シラー•ペルビアナSilla peruviana との出会いは散策中の小さな公園、一目惚れでした。「なんて美しい!」。ラベンダー•ブルーの輝き、円形に咲き誇る複雑で高貴な姿に、一瞬で魅了されました。
🌸歴史内容は一部カリフォルニア園芸協会 Sean A. O’Hara氏の記事を参照しました。読解の誤りがある場合はご了承ください。
ペルビアナの故郷は、スペイン、ポルトガル、イタリア、北西アフリカなど地中海沿岸にあるという。こんなゴージャスな花が、そのへんの道端や牧草地に自生しているなんて想像できますか? この美貌はいったいどこで生まれたのでしょうか。
遡ること35億年以上も前、光合成を行う生きものが初めて地球上に現れ、植物の先祖ともいわれています。 ところ地中海沿岸といえば、紀元前より古代ギリシア•ローマ時代の文明が栄え、ユーラシア大陸とアフリカ大陸が交差する。植生も多様であったに違いありません。 35億年以上も前から引き継がれた植物の種が環境変化を経てやがてカタチとなり、人の目にとまる姿に、そこに在る。 先住民によって、なんらか通称で呼ばれていたとしても不思議ではありません。
ペルビアナの本当の呼び名は知る由もありませんが、1592年、フランス生まれの植物学者カロルス•クルシウスCarolus Clusiusによって”Hyachinth stellatus peruanus”と名付けられました。

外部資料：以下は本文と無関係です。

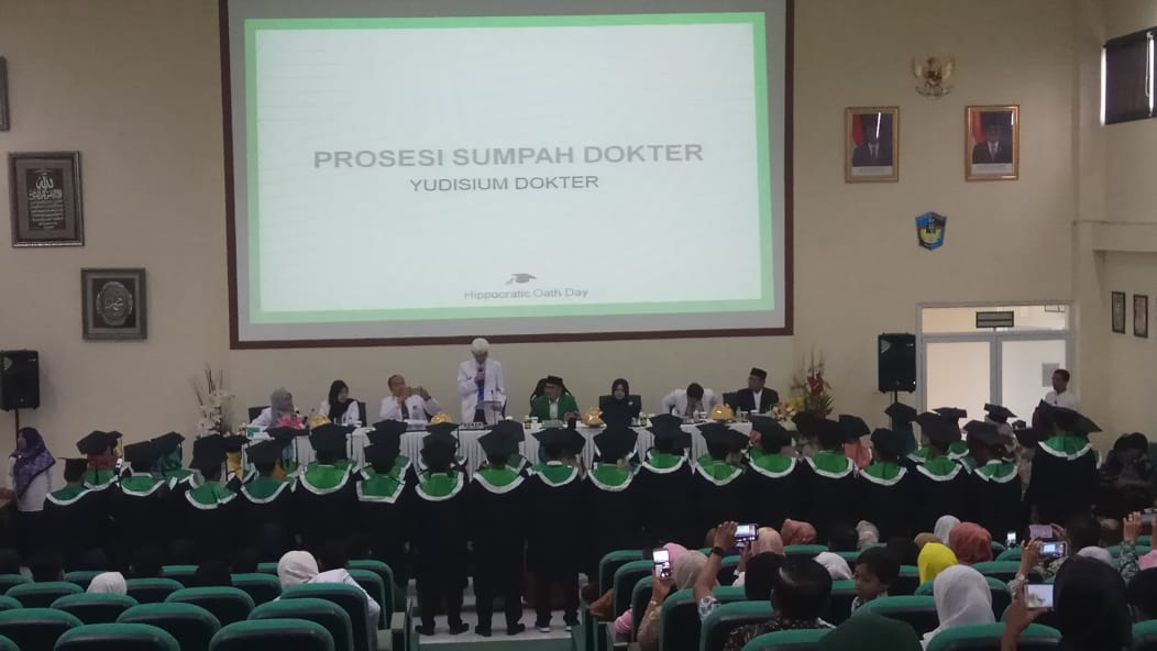 INFOSULSEL.COM, MAKASSAR – Sebanyak 56 profesi dokter Fakultas Kedokteran Universitas Muslim Indonesia (UMI) hari ini menghadiri yudisium dokter/pengambilan sumpah dokter, di Aula Teleconference Lantai 5, pada Rabu (12/12/18)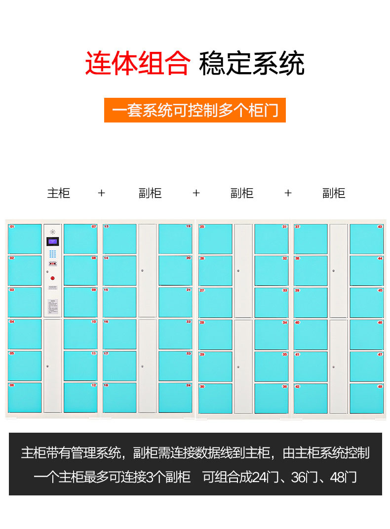 智能储物柜可选用12门/24门/36门/48门,可实现一主柜+多组副柜的操作方式。

ラテン語で、ペルー産の星を飾ったヒヤシンスといった意味合いでしょうか。 ベルギーアントワープガーデンのMunichaven氏より、ペルーから入手したと伝えれたこの植物の複製を贈られたので、あえてペルー産と名前に入れたのかもしれませんね。 このとき、ペルビアナはヨーロッパ大陸に渡っていたということでしょう。
言い伝えでは、いまから約300~400年前、1600年代(17世紀)にスペイン南部で発見され、球根がイギリスに運ばれた。” The Peru”という名前の船に乗せられていたため、ペルビアナ(peruviana =ペルー原産)と名付けられたとか。 このときすでに、種はベルギーにあったはずですが、イギリスに渡った逸話のほうが世に広まっていったようです。
1607年、ギヨーム氏Guillaume Boelはスペインからこの種を、イギリスの植物学者ジョン•パーキンソンJohn Perkinson に送っています。 パーキンソンは、これが(クルシウスによる)Hyacinth stellatus peruanusと呼ばれていることを知りながら、ペルーではなくスペインから届けられたし、実際、自生する場所も知らなかったけれども、より適切な名前を与えたようです。 “Hyacinthus Stellatus boeticus”、スペイン語でStarry Hyacinth 星のように輝くヒアシンスという意味だそうです。
イギリスの植物学者ジョン•パーキンソンJohn Perkinson(1567-1650)は当時、海外の珍しい植物を収集していました。 1500年代(16世紀)からイギリスは海外進出に乗り出し、茶葉や香辛料など我が物にしてきましたから、植物も同じように扱われていたのかもしれませんね。
それから約160年後の1753年、スウェーデンの植物学者リンネCarl von Linneは、クルシウスの名付けた植物名を引用しました。 リンネがパーキンソンの名付けた植物名を知っていたのか否か、不明です。
現在、この植物はペルーに自生していないにも関わらず、ペルー原産が名前に入っているSilla peruvianaと呼ばれていますが、クルシウスの名付けたペルー原産は誤りだったと正されたのは1804年のこと。 最初に名付けられたのが1592年ですから、実に212年後に明かされたのですね。
太古の大地にペルビアナの種が宿り、年月を経てすーっと伸びた葉が幾重にも茂り、アイボリーの細長い苞にくるまれた蕾が中央に結実します。 苞の隙間から見えるディープバイオレットの小さな蕾は、40-100個も付けるそうです。 下から順に開花して満開になると、小花全体で円錐状を形作り、真上から見るとまるで曼荼羅のような、そこにはペルビアナの宇宙が完成します。
ペルビアナに魅了されてやまないのは、圧倒的な存在感と、その世界観を放つ生きざま。 誰がなんと名付けようと、その美は揺るぎない。それが貴女シラー•ペルビアナの宇宙なのかもしれません。